As the epigraph for this post reminds us, theorists who hope to guide practitioners have to confront a big problem -- theory is practice only in theory. Theoreticians (or at least the better ones, like Knuth) know this, but they try to make theory as reliable a guide to practice as possible.

One of the most important examples of the theoretician's successes is asymptotic notation, which we owe to Knuth[4]. Asymptotic notation is more commonly referred to as big-O notation. The term "asymptotic notation" emphasizes its most dangerous aspect from a practical point of view: Asymptotic notation assumes that the behavior of most interest is the behavior for arbitrarily large inputs.

Practical inputs can be very large but, by definition, they are never arbitrarily large. Results in asymptotic terms might be what is called "galactic" -- they might have relevance only in situations which cannot possibly occur in practice.
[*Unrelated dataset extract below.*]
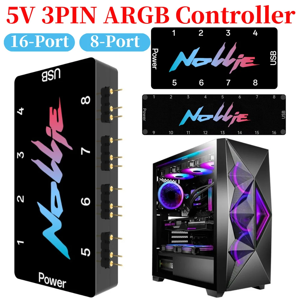 5V 3PIN ARGB Controller 8 Way Addressable ARGB Splitter Nollie SignalRGB OpenRGB For Computer PC Case Cooling Fans Light Strip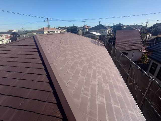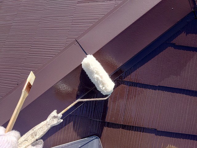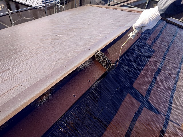 写真は、棟包みと呼ばれる屋根板金のクリヤートップコート塗布です。

Fortunately for computer science, asymptotic results usually are not "galactic". Most often asymptotic results are not only relevant to practice -- they are extremely relevant. Wikipedia pages for algorithms put the asymptotic complexities in special displays, and these displays are one of the first things that some practitioners look at.

Bracketing

Since coming up with a theoretical model that is equivalent to "practical" is impossible, theoreticians often work like artillerists. Artillerists often deliberately overshoot and undershoot, before they "fire for effect". "Bracketing" their target in this way has disadvantages -- it reduces the element of surprise, and can even allow the enemy to get their counter-fire in first. But, nasty as these consequences could be, the advantage in accuracy is usually held to outweigh them.
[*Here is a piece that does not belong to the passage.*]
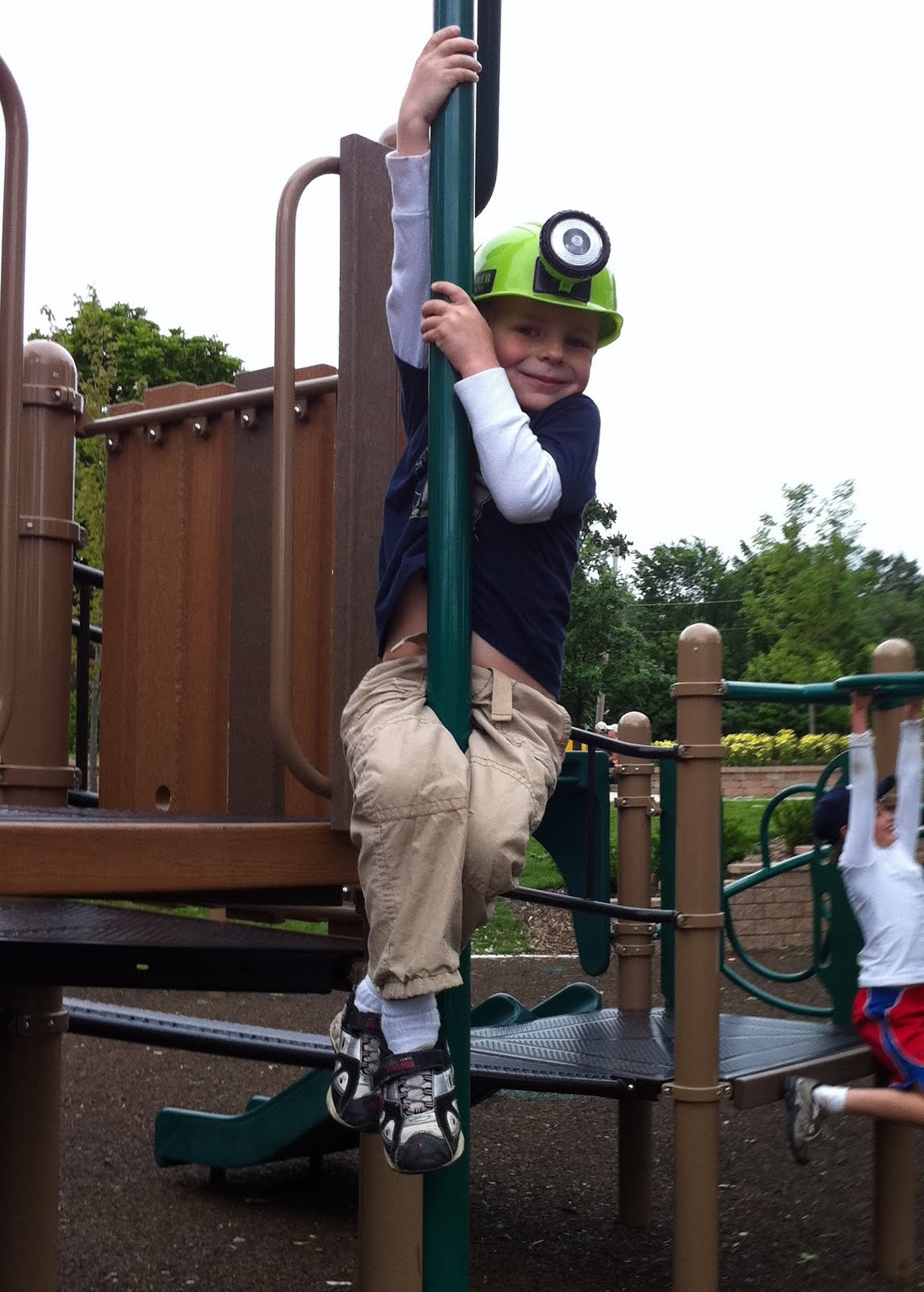 Evan was quite the pro at the fireman's pole. The hat that you see on his head has been a fixture there as of late. He got it in Tennessee, and he's very attached to it. He even sleeps with it at night.

The practice of theoretical computer science is less risky, which makes "bracketing" a very attractive approach to tricky problems. Theoreticians often try to "bracket" practice between an "undershoot" and an "overshoot". The undershoots are models simple and efficient enough to be practical, but too weak to capture all the needs of practice. The overshoots are models which capture everything a practitioner needs, but which are too complicated and/or too resource-intensive for practice.

The P vs. NP problem is an active example of a bracketing technique. You will sometimes read that the P/NP boundary is expected to be that between practical and impractical, but this is an extreme simplification. P includes complexities like O(n^1000000), where the complexity for even n == 2 is a nunber which, in decimal form, fills many pages. Modulo bold advances in quantum computing, I cannot imagine that O(n^1000000) will ever be practical. And you can make the complexities much harder than O(n^1000000) without ever reaching P-hard.

So P-hard is beyond any reasonable definition of "practical" -- it is an "overshoot". But the P vs. NP question is almost certainly very relevant to what is "practical". Resolving the P vs. NP question is likely to be an important or even necessary step. It is a mystery that such a seemingly obvious question has resisted the best efforts of the theoreticians for so long, and the solution of P vs. NP is likely to bring new insights into asymptotic complexity.

Bracketing practical parsing

When Knuth published his 1965, "practical parsing" was already bracketed. On the overshoot side, Irons had already published a parser for context-free grammars. Worst case, this ran in exponential time, and it was, and remains, expected that general context-free parsing was not going to be practical.[5]

On the undershoot side, there were regular expressions and recursive descent. Regular expressions are fast and very practical, but parse a very limited set of grammars. Recursive descent is also fast and, since it parses a larger set of grammars, was the closest undershoot.

Mistake 1: The misdefinition of "language"

To curry respect from the behaviourists, American linguistics for many years banned any reference to meaning. Behaviorists looked down on hypothesized mental states as not worthy of "science", and it's hard to have a theory of meaning without conjectures about mental states. Without mental states, language was just a set of utterances. So in 1926 the linguist Leonard Bloomfield dutifully defined a "language" as a set of "utterances" (for our purposes, "strings"), and through the 30s and 40s most American linguists followed him.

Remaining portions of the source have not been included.